Minnesota lawmakers recently replaced the Homestead Market Value Credit with another method to calculate homestead property taxes. Here is an explanation of that change from the Minnesota Association of Realtors:
“The new Homestead Market Value Exclusion (HMVE) is a recent change to how homestead property taxes are calculated. It replaces the Homestead Market Value Credit (HMVC). Under the old credit system, the credit lowered a homeowner’s property tax burden based on the value of their home. The state then reimbursed local governments for the lost amount of their levy (revenues) due to the credit. However, due to the state’s budget problems, it was rare that local governments were fully reimbursed by the state. Eliminating the credit and creating an exclusion removes the possibility of the state withholding funds and creates more stability for local governments.
The new program excludes a portion of the homeowner’s market value from the property tax calculation. The amount of value excluded is directly proportional to the credit the home received under the old law. The actual tax burden on homesteads could be lesser or greater depending upon the mix of properties in the taxing jurisdiction and the levy decisions made by local governments (for more information on the technical calculations, please see below).

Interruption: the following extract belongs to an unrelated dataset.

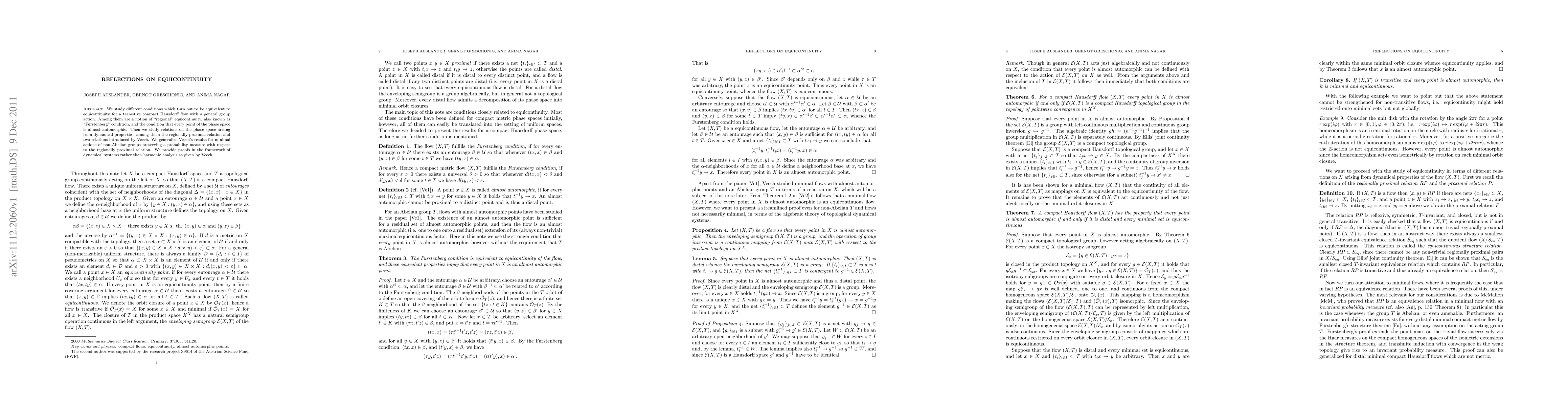We study different conditions which turn out to be equivalent to equicontinuity for a transitive compact Hausdorff flow with a general group action. Among them are a notion of "regional" equicontinuity, also known as "Furstenberg" condition, and the condition that every point of the phase space is almost automorphic. Then we study relations on the phase space arising from dynamical properties, among them the regionally proximal relation and two relations introduced by Veech. We generalize Veech's results for minimal actions of non-Abelian groups preserving a probability measure with respect to the regionally proximal relation. We provide proofs in the framework of dynamical systems rather than harmonic analysis as given by Veech.
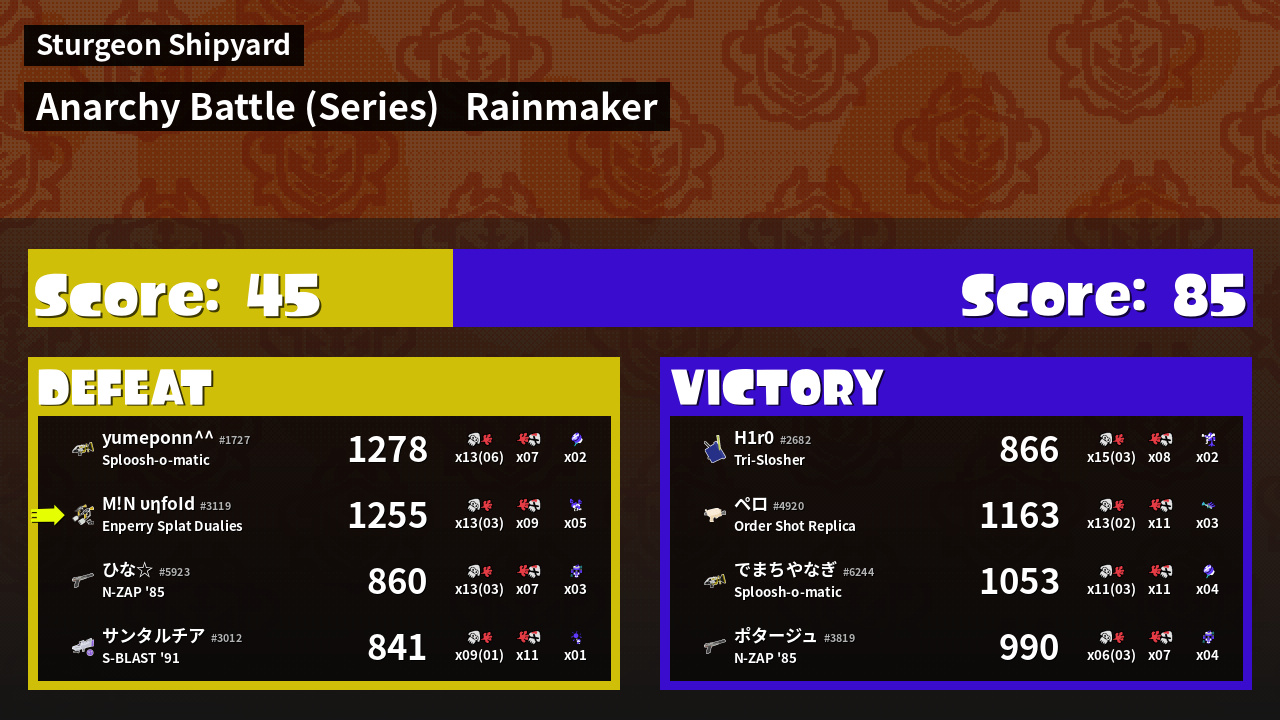 | Weapon | Enperry Splat Dualies ( Curling Bomb / Triple Splashdown) | ||

Technical Calculations: Under the old credit system, the credit amount would rapidly increase as a home value approached $76,000 with the maximum credit amount of $304. After $76,000 the credit would decrease until it was completely phased out with a home value of over $414,000. The new exclusion mimics this same scale as homes approaching $76,000 would have a rapidly increasing exclusion of value, with a home valued at $76,000 receiving a maximum exclusion of 40% of their home value from property tax calculations. The percentage then decreases and is phased out at homes valued over $414,000.”